The Rules of the Road in Antarctica

Map Credit: Eric Philips/icetrek.com.

I typed an innocuous phrase into the Google—something like “First person to solo across Antarctica on skis.” The algorithms, in all their mighty digitizing glory, populated the search with various headlines, elevating Colin O’Brady as the first person to complete a solo unsupported trek/ski across Antarctica. News to me—despite O’Brady making the claim in 2018. 

Not far down on the first page of results were a few pieces calling O’Brady’s claim into question. Nat Geo led with an article titled “The Problem with Colin O’Brady.” In it, the author Aaron Teasdale goes fine-tooth-comb to support a thesis that O’Brady’s feat, which was/is mighty, was neither unsupported nor a first.

I’d read Endurance. I’d followed, from afar, the comings and goings of polar exploration. My tastes for exploration skew away from easily codified records and firsts. I assumed that a crossing of Antarctica would be mega. The widest part of Antarctica is ~3,437.5 miles, a long long long way in the most mild of conditions.
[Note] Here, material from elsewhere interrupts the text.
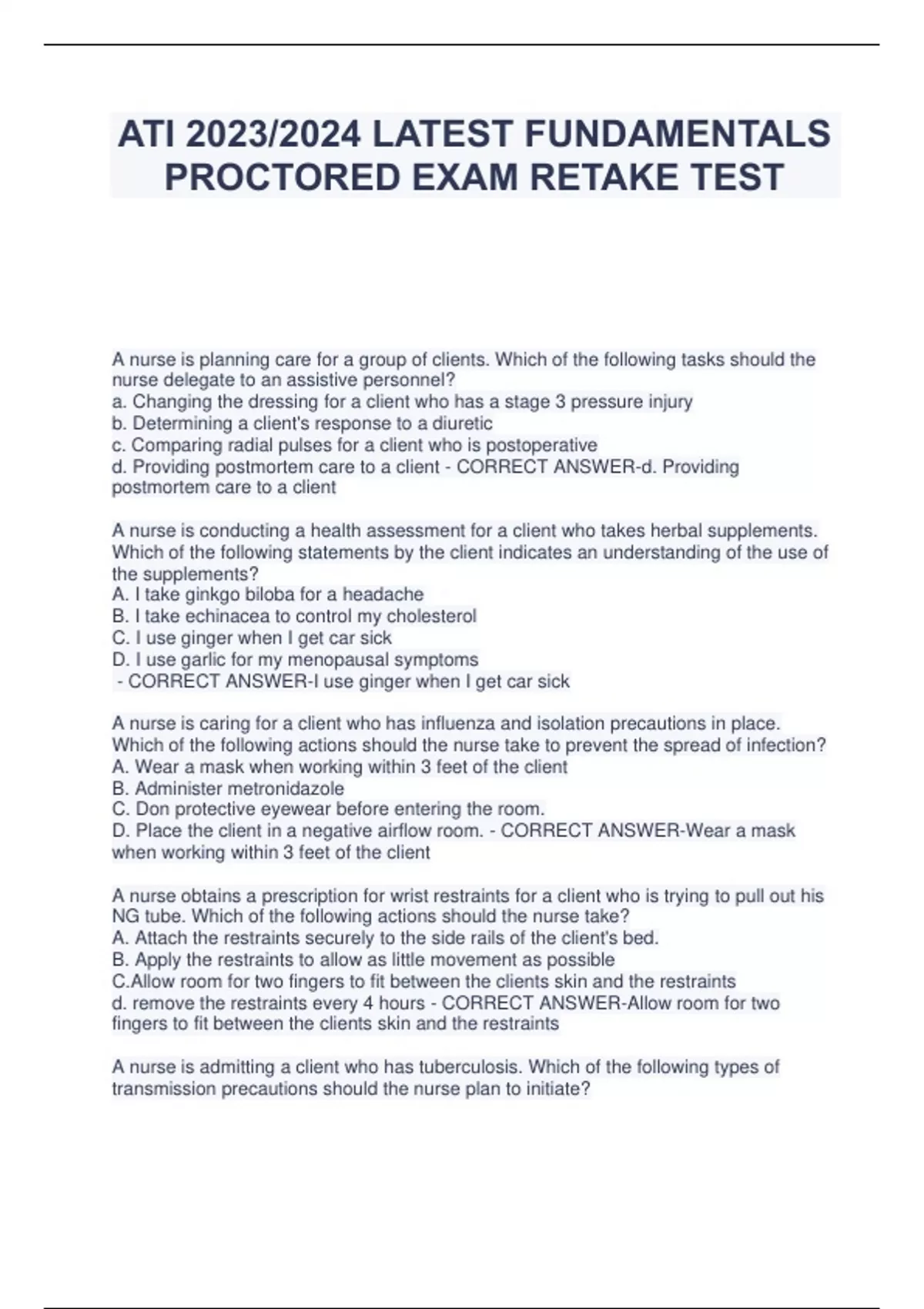 ATI 2023/2024 LATEST FUNDAMENTALS PROCTORED EXAM RETAKE TEST A nurse is planning care for a group of clients. Which of the following tasks should the nurse delegate to an assistive personnel? a. Changing the dressing for a client who has a stage 3 pressure injury b. Determining a client's response to a diuretic c. Comparing radial pulses for a client who is postoperative d. Providing postmortem care to a client - CORRECT ANSWER-d. Providing postmortem care to a client A nurse is conducting a health assessment for a client who takes herbal supplements. Which of the following statements by the client indicates an understanding of the use of the supplements? A. I take ginkgo biloba for a headache B. I take echinacea to control my cholesterol C. I use ginger when I get car sick D. I use garlic for my menopausal symptoms - CORRECT ANSWER-I use ginger when I get car sick A nurse is caring for a client who has influenza and isolation precautions in place. Which of the following actions should the nurse take to prevent the spread of infection? A. Wear a mask when working within 3 feet of the client B. Administer metronidazole C. Don protective eyewear before entering the room. D. Place the client in a negative airflow room. - CORRECT ANSWER-Wear a mask when working within 3 feet of the client A nurse obtains a prescription for wrist restraints for a client who is trying to pull out his NG tube. Which of the following actions should the nurse take? A. Attach the restraints securely to the side rails of the client's bed. B. Apply the restraints to allow as little movement as possible C.Allow room for two fingers to fit between the clients skin and the restraints d. remove the restraints every 4 hours - CORRECT ANSWER-Allow room for two fingers to fit between the clients skin and the restraints A nurse is admitting a client who has tuberculosis. Which of the following types of transmission precautions should the nurse plan to initiate? A. Droplet B. Airborne c. protective environment d. contact - CORRECT ANSWER-Airborne A nurse in a well-child clinic receives a telephone call from a parent who states that their child accidentally swallowed paint thinner. The child is awake and alert. Which of the following responses should the nurse make? A. Have your child drink one large glass of water. B. Hang up and call a poison control center hotline. C. Bring your child into the clinic later today. D. Induce vomiting in your child with syrup of ipecac. - CORRECT ANSWER-Have your child drink one large glass of water A nurse is documenting a client's medical record. Which of the following entries should the nurse record. A. Oral temperature slightly elevated at 0800 B. Administered pain medication C. Incision without redness or drainage D. Drank adequate amounts of fluid with meals. - CORRECT ANSWER-Administered pain medication A nurse is providing oral care for a client who is unconscious. Which of the following actions should the nurse take? A. Place the client in a side-lying position. B. Brush the clients teeth daily C. Apply mineral oil to the client's lips D. Rinse the client's mouth with an alcohol-based mouthwash - CORRECT ANSWERPlace the client in a side-lying position A nurse is collaborating with a risk management team about potential legal issues involving client care. The nurse should identify which of the following situations is an example of negligence? A. A nurse administers a medication without first identifying the client. B. An assistive personnel discusses client care in the facility cafeteria with visitors present. C. A nurse begins a blood transfusion without obtaining consent. D. An assistive personnel prevents a client from leaving the facility. - CORRECT ANSWER-A nurse begins a blood transfusion without obtaining consent A nurse is collecting a sputum specimen for culture from a client who has a respiratory infection. Which of the following actions should the nurse take? A. Wear sterile gloves when collecting the specimen. B. Offer the client oral hygiene after the collection C. Collect the specimen in the evening. D Collect 1 ml of sputum. - CORRECT ANSWER-Offer the client oral hygiene after the collection A nurse is assessing an older client. Which of the following findings should the nurse expect? a. Decreased sense of balance b. Increased nighttime sleeping c. Heightened sense of pain d. Nighttime urinary incontinence - CORRECT ANSWER-Decreased sense of balance A nurse is completing discharge teaching about ostomy care with a client who has a new stoma. Which of the following instructions should the nurse include in the teaching? (select all that apply) a. "Cut the opening of the pouch 1⁄8 of an inch larger than the stoma " b. "Place a piece a gauze over the stoma while changing the pouch" c. "Use povidone-iodine to clean around the stoma" d. "Empty the ostomy pouch when it becomes one-third full of contents" e. expect the stoma to turn a purple-blue color as its heals" - CORRECT ANSWER-Cut the opening of the pouch 1⁄8 of an inch larger than the stoma Place a piece a gauze over the stoma while changing the pouch Use povidone-iodine to clean around the stoma Empty the ostomy pouch when it becomes one-third full of contents A nurse is preparing to obtain informed consent from a client who speaks a different language than the nurse. Which of the following actions should the nurse take? a. "Request that an assistive personnel interpret the information for the client" b. "Use proper medical terms when giving information to the client" c. "Offer written information in the client's language" d. "Avoid using gestures when speaking to the client" - CORRECT ANSWER-Offer written information in the client's language A nurse is teaching a client about home care equipment. Which of the following information should the nurse include in the teaching? (select all that apply) a. "Avoid using wool blankets when receiving oxygen" b. check the O2 delivery rate at least once a day c. align the middl

But this is, after all, Antarctica. Cold. Dry. Windy. Harsh.

I looked at O’Brady’s route and needed clarification. His path, at 932 miles, has a start and end point on ice, and both appear to be inland (see map). O’Brady chose these points because they are situated over land masses (far below the ice and detected by remote sensing) and connect two opposing coastlines, or margins in polar parlance. To visualize the start and start points in this context, imagine the ice melts; this is where Antarctica’s coastline would appear. These points are “the landward edge[s]” of two ice shelves, the Ronne and Ross, respectively. If connected, as O’Brady did, this might be considered a crossing or even a full crossing.


As Teasdale mentions, traditionally, we think of a continental crossing as linking a body of water to a body of water after crossing most of the continent. Many cite Norway’s Borge Ousland as completing the first unsupported crossing of Antarctica in 1997—in total, a 1,864-mile path. Teasdale writes, “​​Ousland skied from water’s edge on the Ronne to water’s edge on the Ross. When he undertook his expedition two decades ago, this was considered the only way to claim a crossing of Antarctica.”